(Records from a collection)
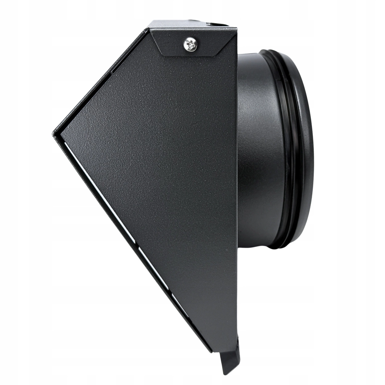 Kołnierz montażowy z gumową uszczelką dwuwargową gwarantuje szczelne osadzenie wyrzutni, a cztery otwory montażowe w narożnikach umożliwiają pewne przykręcenie do ściany. Boczne mocowanie odłączalnego frontu pozwala na szybki demontaż w celu czyszczenia i konserwacji.
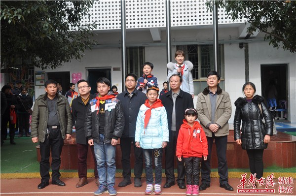 Kaiyun官方网站登录入口的领导们与来自双峰县白泥村的三个孩子一同参加活动
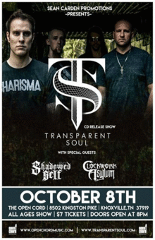 Transparent Soul CD Release show presented by Sean Carden Promotions with special guests: Shadowed Self Clockwork Asylum
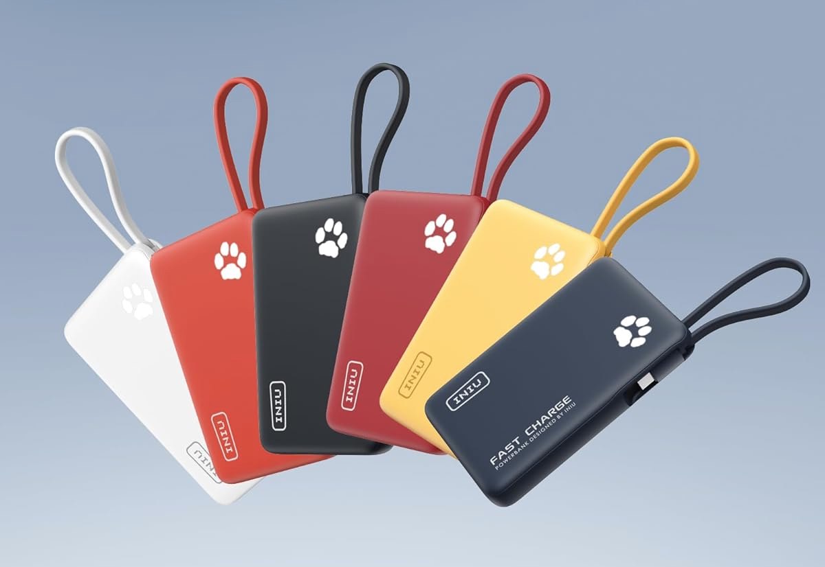 Quesa batteria di INIU Power Bank con Cavo Integrato ha pure essa come tutte le altre il cavo integrato, che elimina la necessità di accessori esterni. Ha una potenza di 20W che consente ricariche mediamente rapide, mentre la batteria 10000mAh offre autonomia per più cicli. Qui il vantaggio è determinato dal design ultrasottile che ne facilita il trasporto, e il sistema di protezione multipla tutela i dispositivi collegati. Qui abbiamo pure una porta USB-A e una porta USB-. Disponibile in vari colori
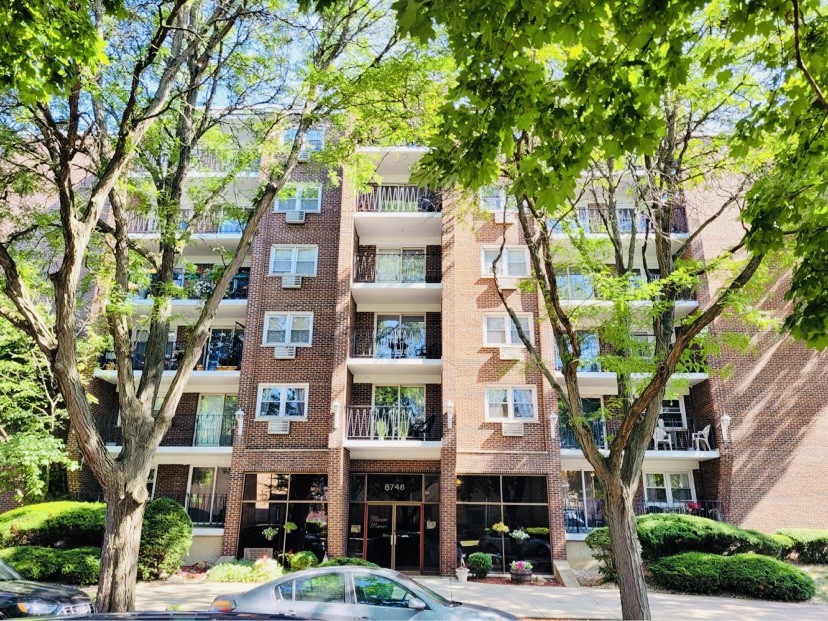 Newly painted and decorated. Brand new wood laminate panel floors, lighting, hardware and vanity in master bathroom. Situated across the street from the Forest Preserve. Corner unit located on the 4th floor provides view of the area. The South - East exposure offers plenty of natural light and makes the place bright and sunny. Spacious, open concept, large size bedrooms, neutral decor. Living room connects with the dining area and the 5 x 17 balcony with the tree top view. Entry hallway and both bedrooms feature abundant closet space. Additional generous storage space in the basement. Elevator building with an elegant foyer. Laundry conveniently located on the same floor next to the apartment. Assigned 1 parking space. Excellent location, close to the Hwy I-90, Blue Line, O'Hare International Airport, shopping and restaurants. HOA fee includes: Heat, Water, Gas, Parking, Insurance, Exterior Maintenance, Lawn Care, Scavenger, Snow Removal. Property taxes do not reflect Homeowner Exemption.
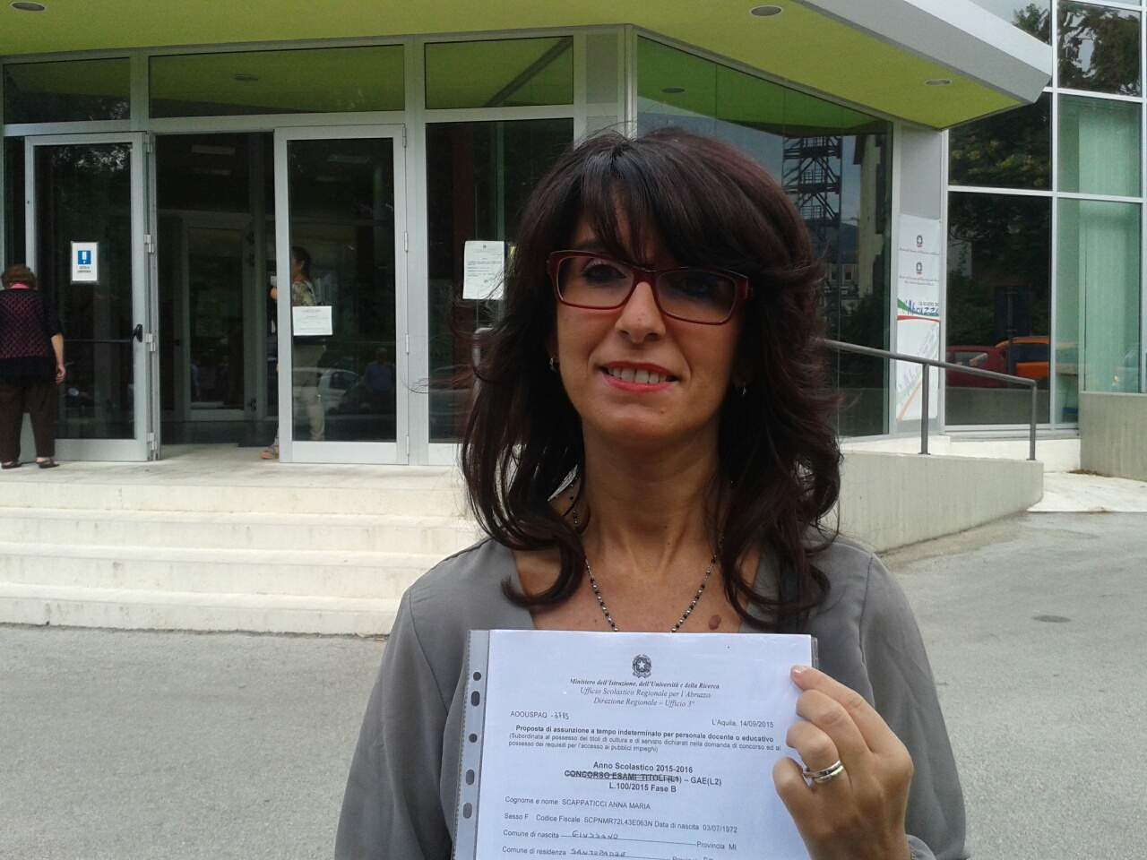 La storia di Anna Maria Scappaticci, da Frosinone a L’Aquila per insegnare Chimica. Assunta a 43 anni con il piano straordinario di assunzione della scuola….
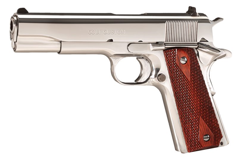 Colt Custom Government semi-automatic pistol chambered in 38 Super with a 5" National Match barrel and 9+1 round capacity. Features high polished stainless steel slide and frame with serrated surfaces, ambidextrous safety, rosewood grips, and 3-dot contrast sights. Weighs 37.50 oz and measures 5" in height, designed for personal protection and sport shooting.
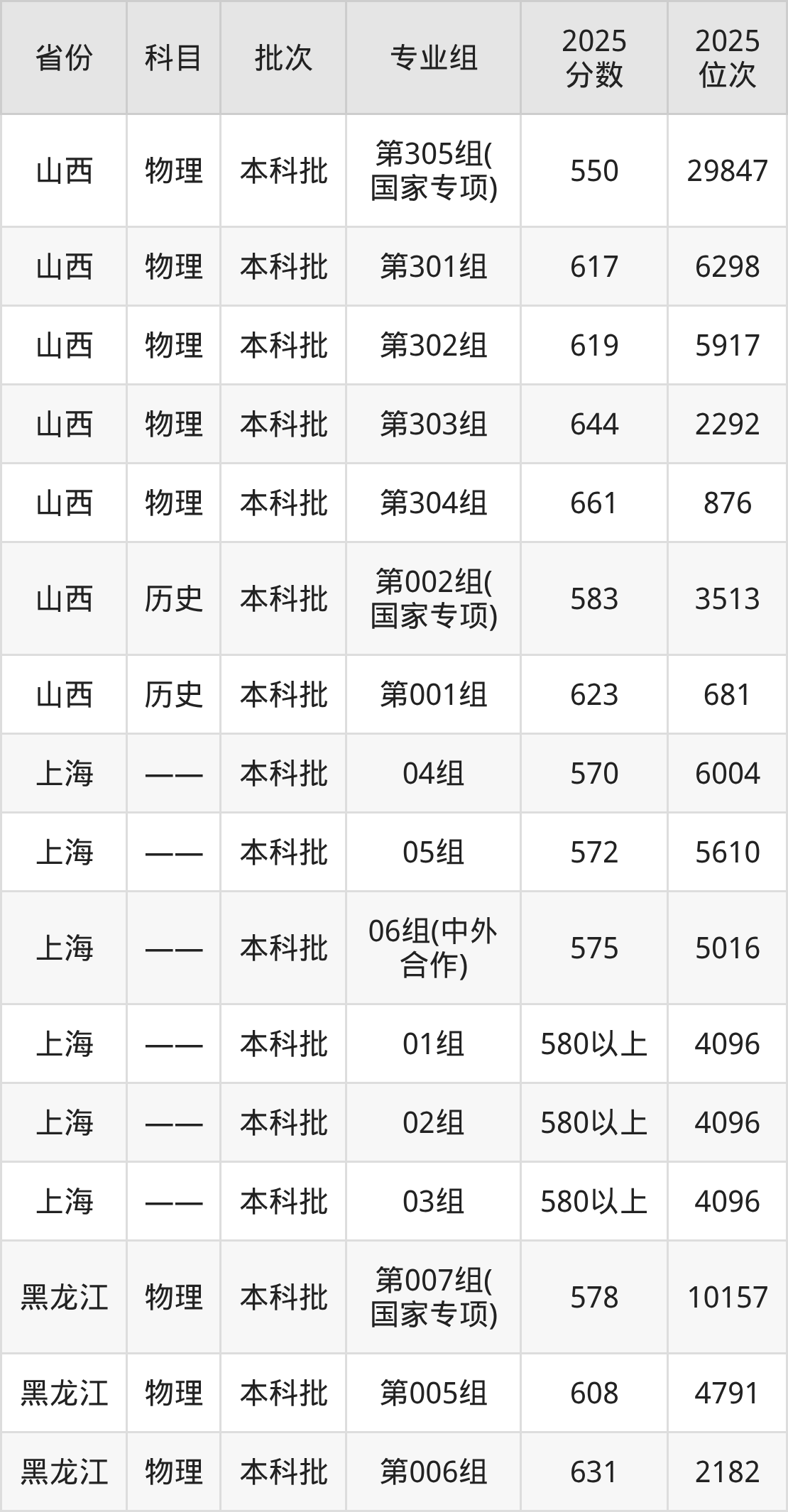 四川大学第305组(国家专项计划):2025年投档录取最低分为550分,录取最低位次为29847名。
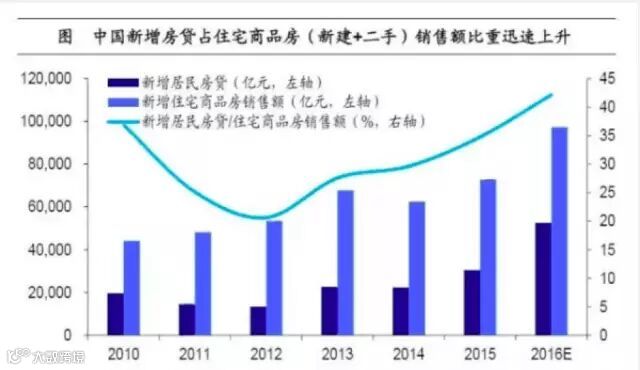 美国次贷危机发生前,也就是2007年的峰值是52.6%。数据显示,2015年我国新发放贷款规模4.7万亿,新房销售额7.3万亿,二手房销售额3.6万亿,交易杠杆43.12%。
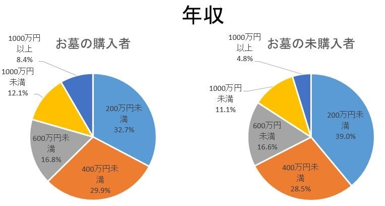 年収を比較すると、お墓の購入者の方が、“200万円未満”と回答した方の割合が、未購入者と比較して6.3ポイント少ない。また、“400万円以上”と回答した方の合計が、お墓購入者の方が6.2ポイント多い結果となった。お墓の購入者の方が比較的に年収が多い傾向にある。
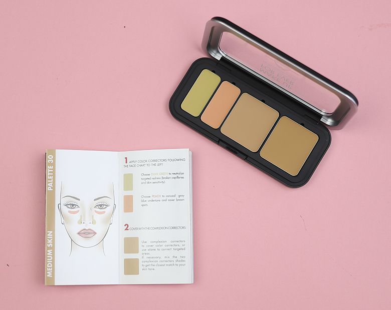 Paleta de corretivos com duas cores de camuflagem e duas cores de correção. Disponível em 6 opções diferentes, o meu é na cor 30 Medium. Promete ser longa duração com textura leve e suave.

● **Task requirements**: Print the data once more without any change, skipping each picture.

● **Response**:
 Kołnierz montażowy z gumową uszczelką dwuwargową gwarantuje szczelne osadzenie wyrzutni, a cztery otwory montażowe w narożnikach umożliwiają pewne przykręcenie do ściany. Boczne mocowanie odłączalnego frontu pozwala na szybki demontaż w celu czyszczenia i konserwacji.
 Kaiyun官方网站登录入口的领导们与来自双峰县白泥村的三个孩子一同参加活动
 Transparent Soul CD Release show presented by Sean Carden Promotions with special guests: Shadowed Self Clockwork Asylum
 Quesa batteria di INIU Power Bank con Cavo Integrato ha pure essa come tutte le altre il cavo integrato, che elimina la necessità di accessori esterni. Ha una potenza di 20W che consente ricariche mediamente rapide, mentre la batteria 10000mAh offre autonomia per più cicli. Qui il vantaggio è determinato dal design ultrasottile che ne facilita il trasporto, e il sistema di protezione multipla tutela i dispositivi collegati. Qui abbiamo pure una porta USB-A e una porta USB-. Disponibile in vari colori
 Newly painted and decorated. Brand new wood laminate panel floors, lighting, hardware and vanity in master bathroom. Situated across the street from the Forest Preserve. Corner unit located on the 4th floor provides view of the area. The South - East exposure offers plenty of natural light and makes the place bright and sunny. Spacious, open concept, large size bedrooms, neutral decor. Living room connects with the dining area and the 5 x 17 balcony with the tree top view. Entry hallway and both bedrooms feature abundant closet space. Additional generous storage space in the basement. Elevator building with an elegant foyer. Laundry conveniently located on the same floor next to the apartment. Assigned 1 parking space. Excellent location, close to the Hwy I-90, Blue Line, O'Hare International Airport, shopping and restaurants. HOA fee includes: Heat, Water, Gas, Parking, Insurance, Exterior Maintenance, Lawn Care, Scavenger, Snow Removal. Property taxes do not reflect Homeowner Exemption.
 La storia di Anna Maria Scappaticci, da Frosinone a L’Aquila per insegnare Chimica. Assunta a 43 anni con il piano straordinario di assunzione della scuola….
 Colt Custom Government semi-automatic pistol chambered in 38 Super with a 5" National Match barrel and 9+1 round capacity. Features high polished stainless steel slide and frame with serrated surfaces, ambidextrous safety, rosewood grips, and 3-dot contrast sights. Weighs 37.50 oz and measures 5" in height, designed for personal protection and sport shooting.
 四川大学第305组(国家专项计划):2025年投档录取最低分为550分,录取最低位次为29847名。
 美国次贷危机发生前,也就是2007年的峰值是52.6%。数据显示,2015年我国新发放贷款规模4.7万亿,新房销售额7.3万亿,二手房销售额3.6万亿,交易杠杆43.12%。
 年収を比較すると、お墓の購入者の方が、“200万円未満”と回答した方の割合が、未購入者と比較して6.3ポイント少ない。また、“400万円以上”と回答した方の合計が、お墓購入者の方が6.2ポイント多い結果となった。お墓の購入者の方が比較的に年収が多い傾向にある。
 Paleta de corretivos com duas cores de camuflagem e duas cores de correção. Disponível em 6 opções diferentes, o meu é na cor 30 Medium. Promete ser longa duração com textura leve e suave.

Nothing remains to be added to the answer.